Lectionary Reflection: Matthew 18: 15-20: Yet Another Misunderstood Passage

Gossip has harmed more people and killed more churches than all the religious wars, persecutions and inquisitions combined (just my opinion).  But is any community of God’s people free of it?  I don’t think so. 

I know one congregation that invited a woman to leave.  She simply could not refrain from “just stating the facts,” (pointing out the sins of others) or resist “just offering her opinion” on what others should do, say, think, believe…  Good for that church that invited her to leave, BUT be clear about this:  These words of Jesus are not a proscription for purifying the church.  No church, by definition, is pure; or will ever be pure.  As the man said when he refused to go to church: “Church is full of hypocrites.” 
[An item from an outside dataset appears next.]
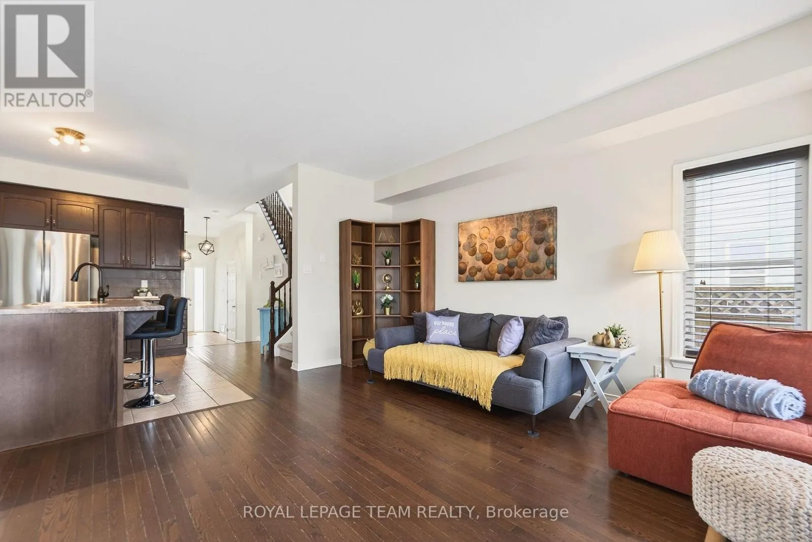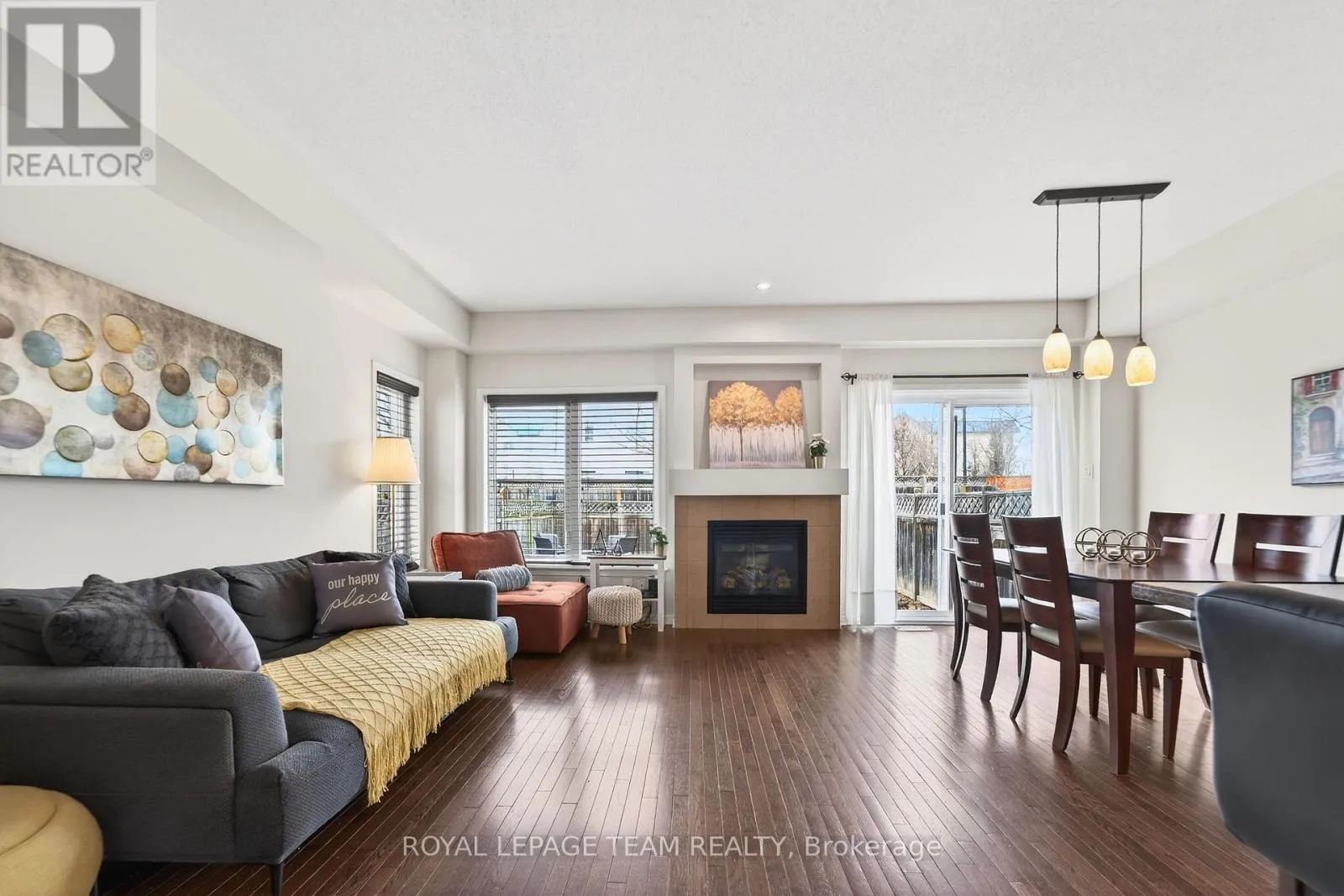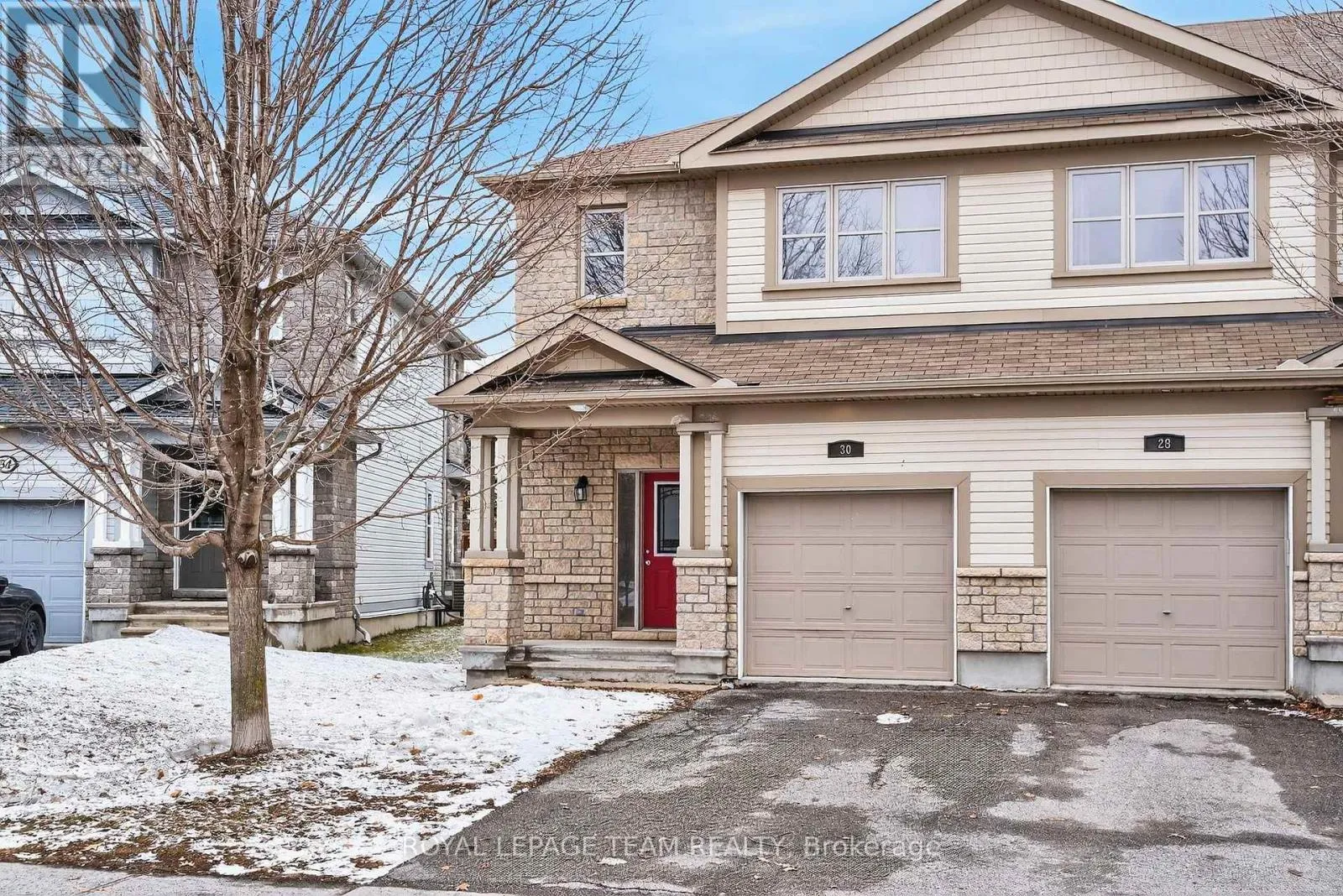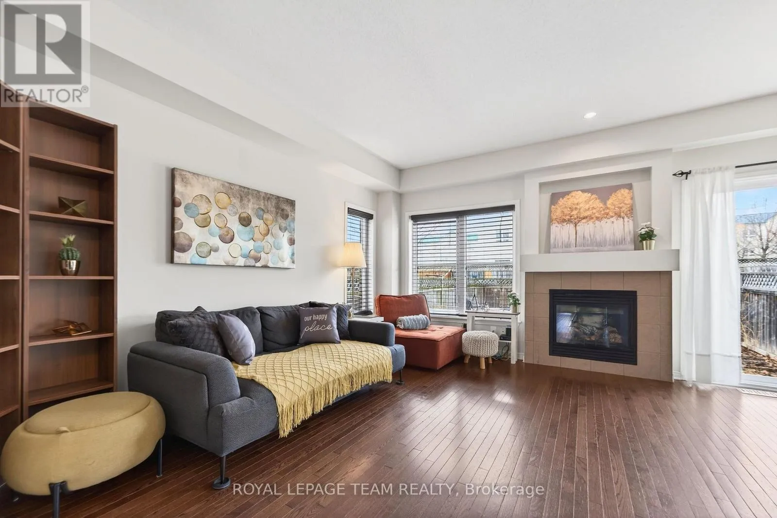 Cross Streets: Stonewater Bayand Hackberry Trail. ** Directions: Highway 7, turn north on McNeely Rd, right onto Stonewater Bay, left onto Hackberry Trail. Welcome to this well-maintained and thoughtfully designed 3-bedroom, 4-bathroom END UNIT townhome, offering comfortable living space ideal for a growing family. The layout has been carefully planned to provide both functionality and everyday convenience, making it perfectly suited as a long-term family home. One of the standout features is the second-floor laundry, which makes daily routines much easier and more efficient. The spacious primary suite offers a relaxing retreat, complete with a large walk-in closet and a private ensuite featuring a generous soaker tub, perfect for unwinding at the end of the day. The main level is warm and inviting, highlighted by a cozy gas fireplace and an open layout that flows beautifully into the kitchen and dining areas. The kitchen features a large island with seating for stools, making it an ideal gathering spot for family meals, casual dining, or entertaining guests. The home also offers excellent additional living space in the basement, which is large enough to accommodate a full media or entertainment setup while still leaving room for hobbies, a play area, or a home workspace. Outside, the fully fenced backyard provides a great balance of privacy and functionality. A convenient walkway behind the property allows access without neighbours having egress through the yard, creating a more peaceful and private outdoor space. The yard itself is the perfect size-large enough for kids or pets to run and play while still being easy to maintain. The property also includes parking for three vehicles. Located in a welcoming, family-oriented neighbourhood with many young families, the area is known for its quiet streets and safe environment. A nearby park and scenic walking path offer great opportunities for outdoor enjoyment. Essential amenities including grocery stores, pharmacies, and a post office are less than five minutes away, and the location offers convenient access to Ottawa, making it ideal for or commuters. NO REAR NEIGHBOUR (id:27476)

“Exactly,” I answered.  “That is where the hypocrites need to be.  Why don’t you come and join us?”

Jesus was clear.  If one sins (especially if the sin is “against” you), go to that person in private.  If that sin gets spread around the church like wildfire because of your mouth, you, not they, should be invited to leave.  (Just my opinion).

In this passage, Jesus talks about being discrete.  Try and resolve it between the two of you, and if that does not work, take along one or two others.  And no, I don’t believe your two best friends who will be inclined to agree with you and take your side is what Jesus had in mind.  I think he meant more like church officers or standouts in the faith.  He meant people who can continue to be discrete.  This is not a trial.  This is not meant to condemn anyone.

Then, if that does not work he said take it to the church.  Here is the first place where we really get in trouble.  He was not saying gossip is okay at this point.  He was not saying stand up on Sunday morning and make an announcement.  He is saying take it to the ministers, the elders, the deacons, to those charged with the responsibility for oversight, for the peace and faith of the community.  Everything has been handled discretely up until this point.  Why should that change?  He is not saying make it a public spectacle.

Take it to those responsible for peace and order in the church – those charged with making decisions, and LET THEM make the decision.  If the person will not listen to them, LET THEM decide that the person is to be treated like a pagan and tax collector.  We should recues ourselves, as a judge might say.  Conflict of interest at that point.  Let the “rulers” of the church bind or loose.  Our place is to trust that where two or three are gathered, Jesus is in the midst.

But here is the other main place where we all get in trouble.  How do we treat pagans and tax collectors?  We do not turn our back on them.  We do not ostracize them.  We do not “hate” them or have nothing to do with them.  No.

We pray for them.  We evangelize pagans and tax collectors.  We show them a better way.  We tell them about Jesus who sets sinners free from sin.  We tell them about Jesus the great physician who is able to heal their infirmities.  We tell them about Jesus who wants to lift them out of their lifestyle and worldly ways and plant them firmly in the way of God.  We offer the love of God to pagans and tax collectors.  We reach out to them like outsiders that we want nothing more than to see them become insiders. 

Does this sound like what most people think when they talk about purifying the church?  It should be.  The Word of God in Jesus Christ is what we all need (all us hypocrites).  We all need salvation.  We all need to be changed from creatures of death into people of life.

The pendulum has swung too far in many places.  No church should be a police state, but that does not mean anything goes.  Like our local communities in America, we all need to police our faith communities. 

I am saying it is not a faithful response to God in Christ to back off and let everyone live however the Hell they please.  We should not condone people rationalizing their sin or evangelizing it by pretending or saying “it’s okay with God.”  We should not be deterred when people defend their sin by calling us closed-minded or intolerant or something worse. 

If it is not God’s best, God’s intention and desire for us human beings, we are to say so, particularly when it is “against” us.  But when we speak, let it be discrete and spoken out of love because we care about the person.  No other approach will do. 

And even if they are cut off from the community for a time, let us not cease to love them, pray for them and reach out to them.  After all, it may well be that someday they may come to us, discretely.  We can only hope it will be because they care about us and wish only to turn us from sin and grow with us – ever closer to God.

This is how we are to respond to all believers who get caught up in continual sin – except maybe the gossips.  For them, maybe isolation is the only way.